(Beginning of DATA FOR THE TASK)

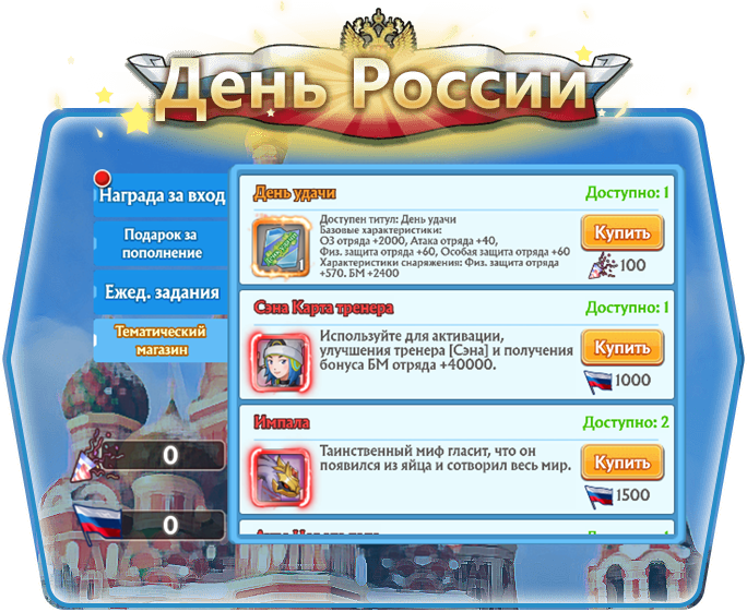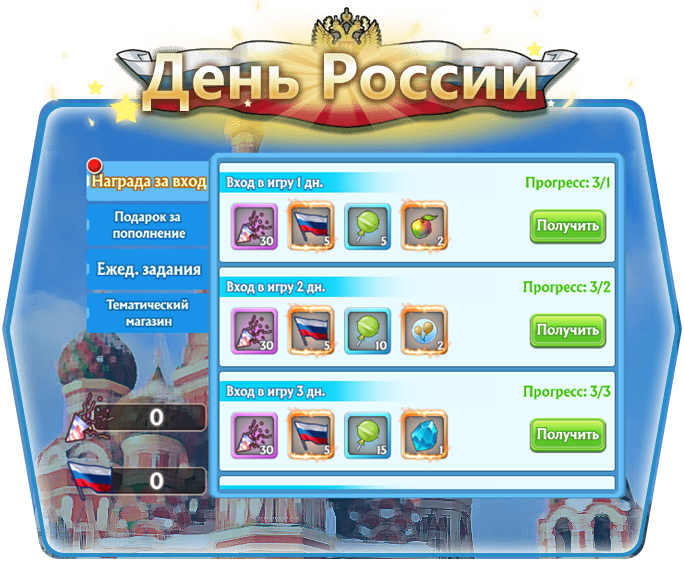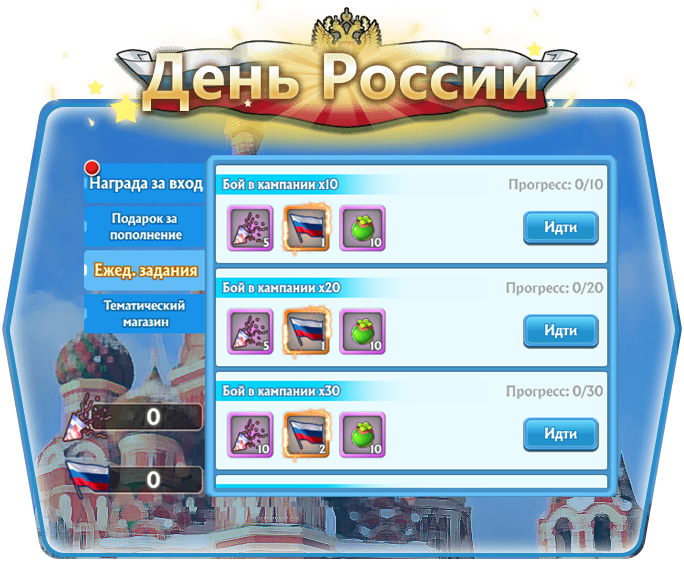 Ежедневные задания - специальные задания на День России с приятным и полезными призами!
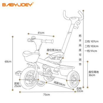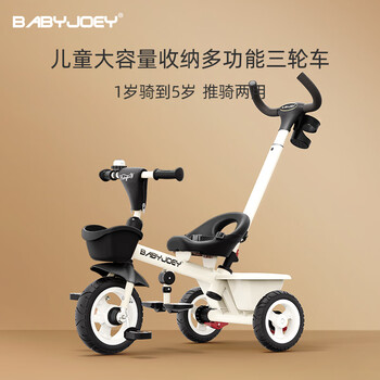 BABYJOEY英国儿童三轮车脚踏车1-3-5岁 简易自行车多功能手推车小蜜蜂白色
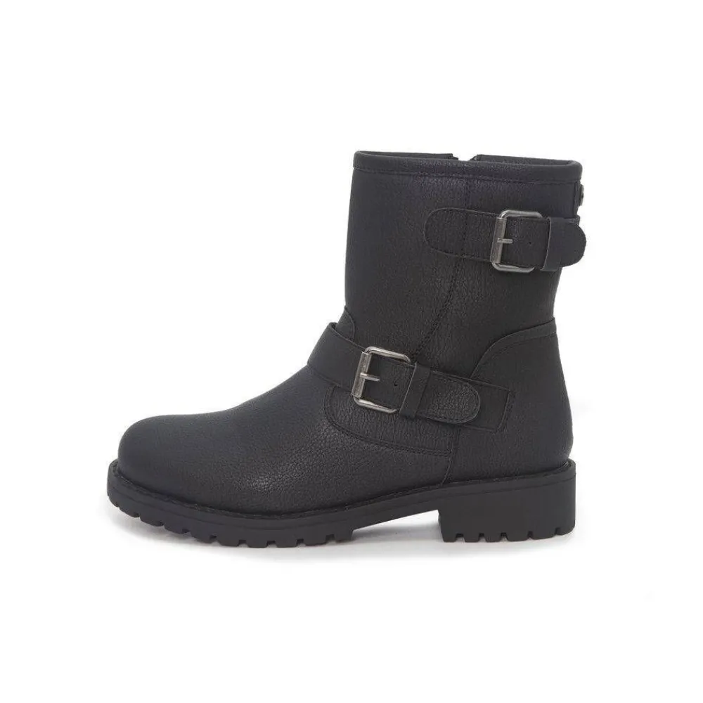 Naisten mustat biker-tyyliset nilkkurit koristeellisilla soljilla. Nilkkurissa on lämmin karvavuori ja -sisäpohja, sek…
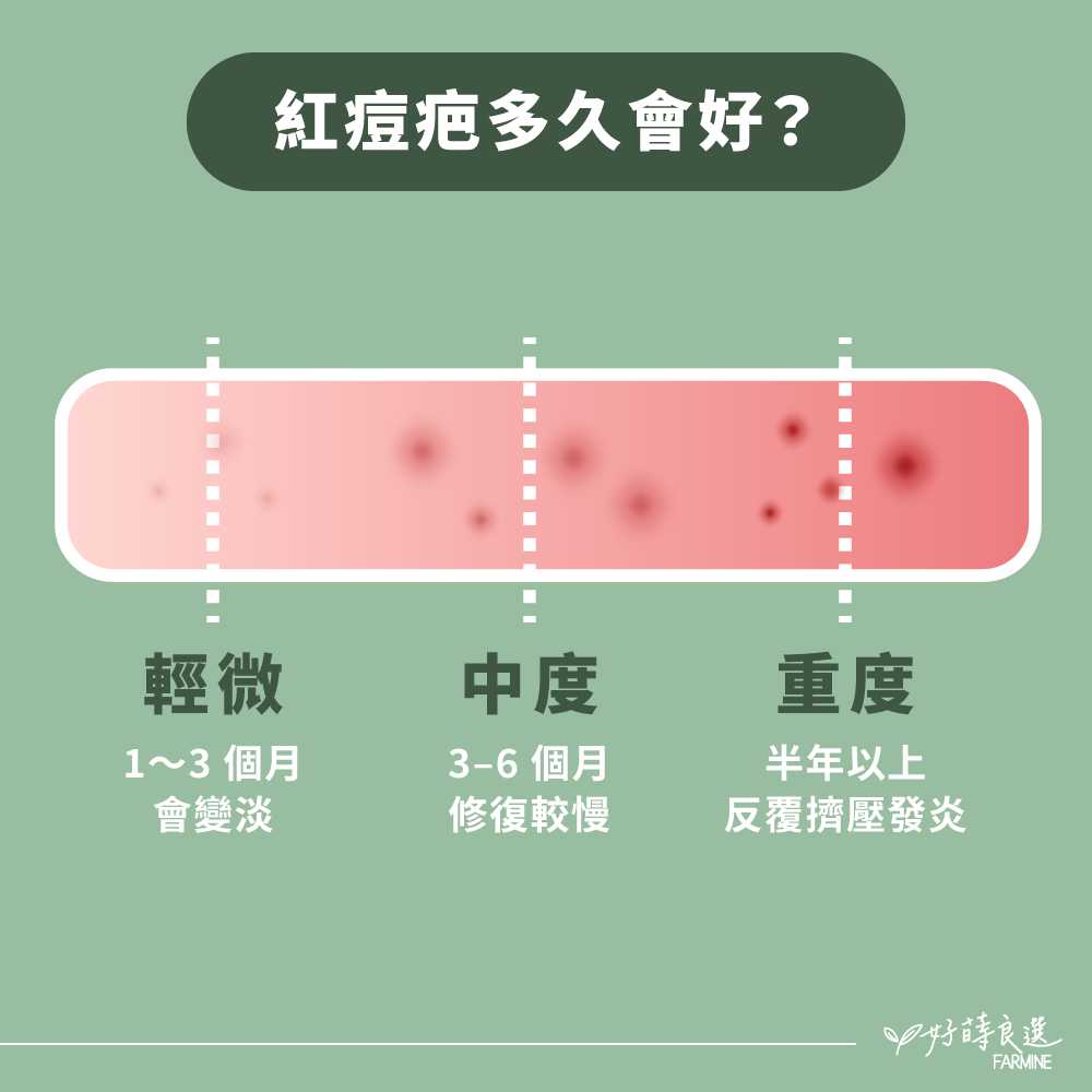 隨著皮膚的修復,擴張的微血管會恢復正常,紅痘疤也會逐漸淡化。時間長短,取決於發炎程度與生活習慣:
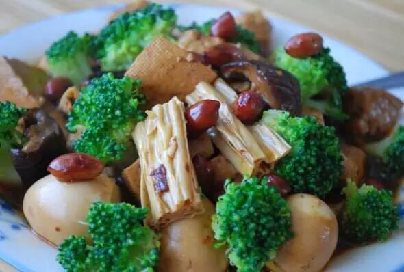 食材:西兰花,豆腐,腐竹,鹌鹑蛋,花生,香菇,辣椒酱,豆豉酱。

(End of DATA FOR THE TASK)

Reproduce the data verbatim. Do not carry any picture into the copy.

ANSWER SECTION:
 Ежедневные задания - специальные задания на День России с приятным и полезными призами!
 BABYJOEY英国儿童三轮车脚踏车1-3-5岁 简易自行车多功能手推车小蜜蜂白色
 Naisten mustat biker-tyyliset nilkkurit koristeellisilla soljilla. Nilkkurissa on lämmin karvavuori ja -sisäpohja, sek…
 隨著皮膚的修復,擴張的微血管會恢復正常,紅痘疤也會逐漸淡化。時間長短,取決於發炎程度與生活習慣:
 食材:西兰花,豆腐,腐竹,鹌鹑蛋,花生,香菇,辣椒酱,豆豉酱。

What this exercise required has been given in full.